まず、プロジェクトの初会合に大量の人員を投入してくる。たとえば業者側の主だったスタッフ10人に対して電通25人。

大半は入社3~4年目みたいな兄ちゃん姉ちゃんで、ほぼ全員が電通ファッションの黒づくめ(少なくとも当時は黒だった)、着席するなり一斉に黒革のシステム手帳を開き背筋を伸ばすさまは実に壮観だが、かれらの役割がよくわからない。

〇〇業務を補佐する◇◇です、などとご紹介いただくが、仕事の実態がさっぱりわからねえ。

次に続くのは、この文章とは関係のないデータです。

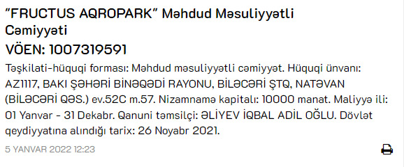 Marja xəbər verir ki, nizamnamə kapitalı 10 min manat olan şirkətin qanuni təmsilçisi Əliyev İqbal Adil oğludur.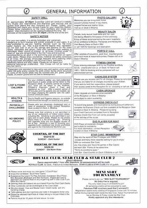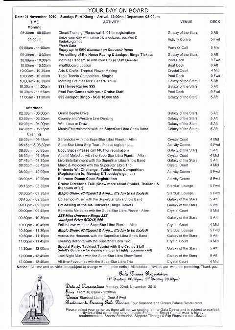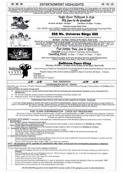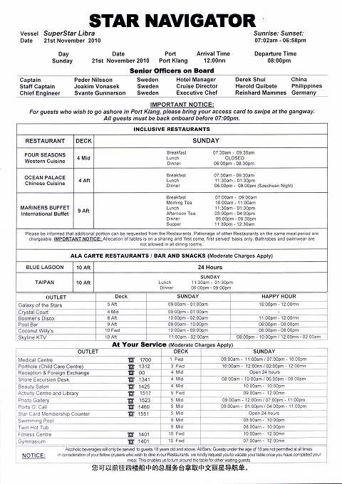 スーパースター・リブラ マラッカ海峡クルーズ その13 11/21船内新聞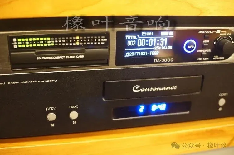 因CD转盘容易受机械振动等因素干扰(Jitter失真不恒定),曲目先由CD转盘播放,TASCAM DA3000母带录音机记录标准16bit/44.1kHz WAV格式的数字文件;这样得到的数字文件比电脑光驱抓轨效果好很多。

というか電通さんの仕事は業者と事業主の連絡調整だけだろ?どうしてこんな大人数が必要なのよとわたしは会議のあいだじゅう脳みその半分を使って考えていたが、ついに答えを得ることができなかった。

 

疑問はやがて解消されていった。

プロジェクトが走り出し、会議を重ねるごとに議題は具体的かつ複雑になっていったが、それと反比例して電通側の出席者は減り続け、しまいにはリアルに仕事をしている2~3人の中堅社員だけになった。

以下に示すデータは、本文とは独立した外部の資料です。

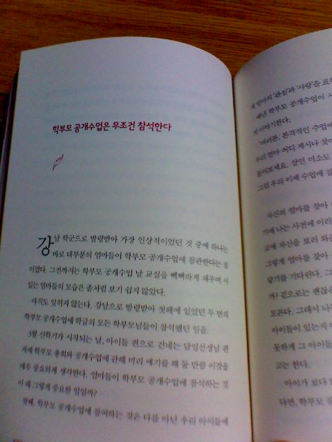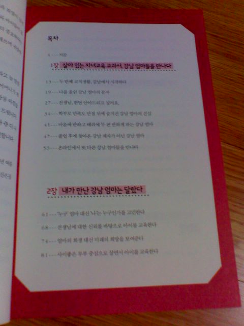 이 책은 총 5장으로 구성되어 있고 앞 부분은 우리가 그동안 매스컴이나 책으로 만났던 강남엄마들이 아닌 강남 엄마들의 다른 모습을 선생님의 학교 생활 속에서의 에피소드로 보여주고 있어요.

どう考えても最初の大人数は「おまえらが向き合ってるのは大電通さまでぇ」というコケ脅し、そしてこのプロジェクトには巨額の経費をかけていますアピールであったとしか思えないのである。クソだっさい人海戦術だけどな。

なお、最初に大量動員された若者たちにもちゃんと役割はあり、イベント当日の受付け周辺やVIPの送り迎えといった事業主の目にとまりやすいポジションで生き生きと活躍しておられ、「この仕事、電通がきっちり仕切っています」感の盛り上げに一役も二役も買っていたことは間違いない。

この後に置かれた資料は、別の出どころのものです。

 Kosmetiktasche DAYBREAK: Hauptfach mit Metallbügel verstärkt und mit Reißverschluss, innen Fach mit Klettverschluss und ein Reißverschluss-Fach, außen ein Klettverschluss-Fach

ただしそんな彼らの人件費をどれほど過大に見積もっても、億単位の予算の40%になど遥かに届かないことは小学生にもわかることだった。

  

以上が私の見た「電通商法」のいち側面。

この事例をもってすべてを量ることはできず、もっとホワイトな面もあれば、はるかにブラックな面もあるにちがいない。

個人的には、強く大きくなりすぎた電通が、政界・官界との太すぎるパイプを通して、一般国民には理解できないスケールのぼったくり商売をしているという印象を拭い去ることができない。

もちろんその「共犯者」は一部の官僚と政治家である。